I had posted an article on Tibet in October. I now refer to Brigadier J.P. Dalvi, "Himalayan Blunder: The Angry Truth About India's Most Crushing Military Disaster". Orient Paperbacks: New Delhi. I refer to his paragraphs on Tibet and Krishna Menon.
In 1904, British India under Lord Curzon organized a military expedition to Tibet. The largely Indian troops under Colonel Younghusband entered Lhasa and forced Tibet to accede to the Anglo-Tibetan Treaty. Britain thereafter controlled Tibetan foreign policy. The Anglo-Chinese Treaty of 1906 confirmed the 1904 Treaty. Lord Curzon urged that London provide de-jure international recognition to Tibet as an independent state. The Home Government remained non-committal.
In 1910, Qing dynasty China invaded Tibet and forced the Dalai Lama to flee to India. The Dalai Lama returned to Lhasa in 1912 and drove out the Chinese garrisons. Tibet proclaimed its independence in 1913. In 1914, Britain entered into an understanding with China to divide Tibet into two regions i.e. Outer Tibet and Inner Tibet. Outer Tibet had an area of 471,700 square miles. China agreed not to send troops into Outer Tibet. Inner Tibet meanwhile was incorporated into neighboring Chinese provinces. In 1914, Britain entered into an agreement with Tibet not to recognize Chinese suzerainty over Tibet. In 1921, New Delhi informed China that it intended to deal directly with Tibet bypassing China.

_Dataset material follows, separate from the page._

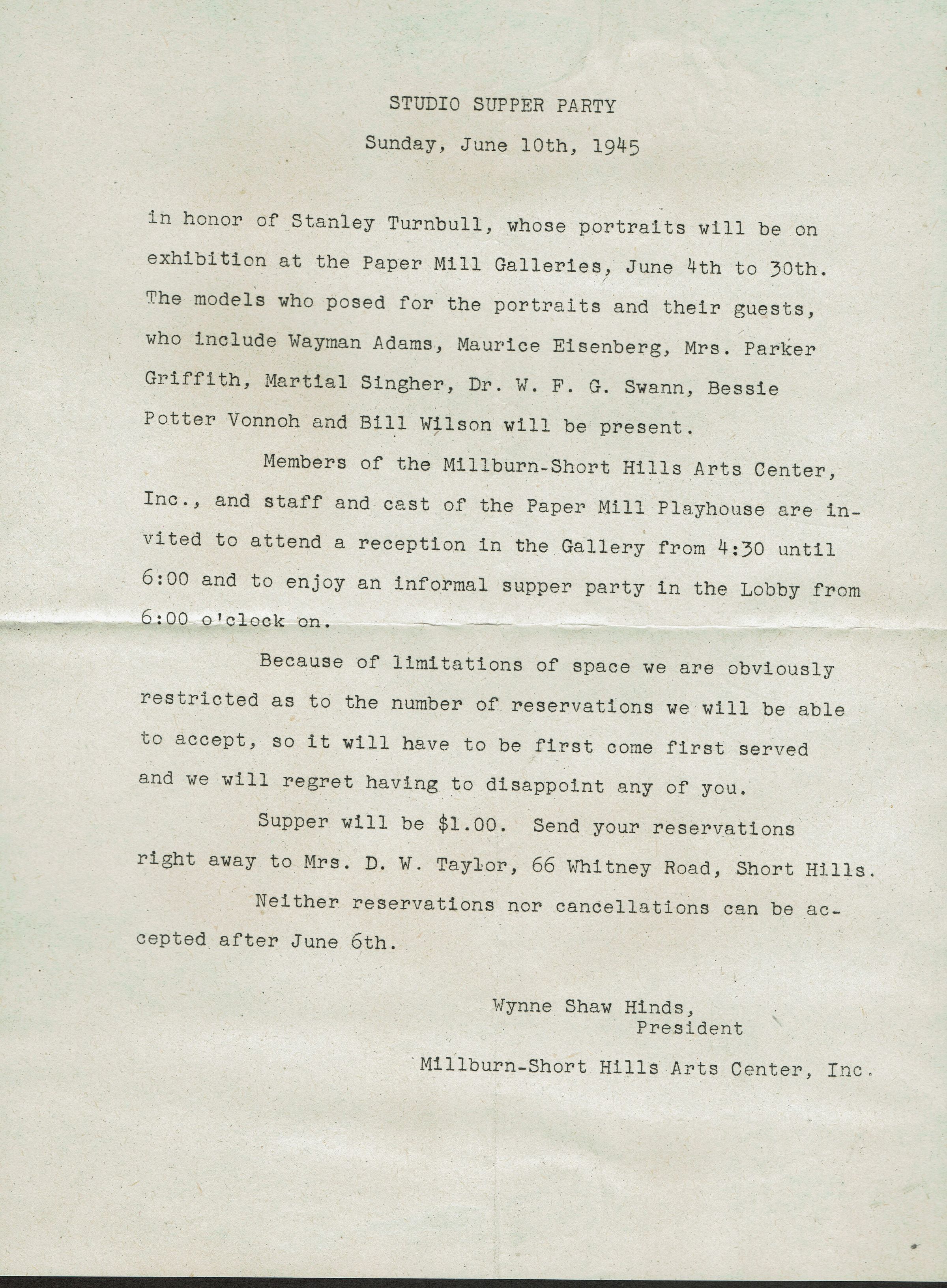 Turnbull: Millburn Art Center Dinner in Honor of Stanley Turnbull, 1945

During World War 2, Tibet opened its own Foreign Affairs Bureau. It declared its neutrality when Japan invaded China. In 1947, a Tibetan trade delegation traveled overseas on Tibetan passports. Brigadier Dalvi quoted Jayaprakash Narayanan to mention "China has not exercised suzerainty, sovereignty or any other form of control over Tibet at any time from 1912 to 1950 when Chinese Communist Forces invaded the country." Jayaprakash Narayanan had attacked Nehru "The worldly-wise, who by their lack of courage and faith, block the progress of the human race not towards the moon but towards humanity itself. These persons have a myopic view and forget that nothing stands or can stand still in history - not even the Chinese Empire".

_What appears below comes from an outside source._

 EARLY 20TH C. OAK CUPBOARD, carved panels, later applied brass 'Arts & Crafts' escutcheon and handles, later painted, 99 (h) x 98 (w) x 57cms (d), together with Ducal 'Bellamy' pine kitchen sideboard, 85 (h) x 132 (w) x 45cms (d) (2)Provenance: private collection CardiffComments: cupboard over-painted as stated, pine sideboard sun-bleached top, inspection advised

On October 7, 1950, the Red Army entered Tibet. K.M. Panikkar, the Indian ambassador to China and a left-wing ideologue, advised Nehru not to oppose the annexation of Tibet. Sardar Vallabhai Patel opposed this recommendation sending a letter to Nehru on November 7, 1950 urging that Nehru not recognize Chinese sovereignty over Tibet. Brigadier Dalvi reproduces the letter which makes for painful reading giving the remarkable percipience of Patel. I quote Patel "Chinese irredentism and Communist imperialism are different from the expansionism or imperialism of the Western powers. The former has a cloak of ideology which makes it ten times more dangerous. In the guise of ideological expansion lie concealed racial, national and historical claims".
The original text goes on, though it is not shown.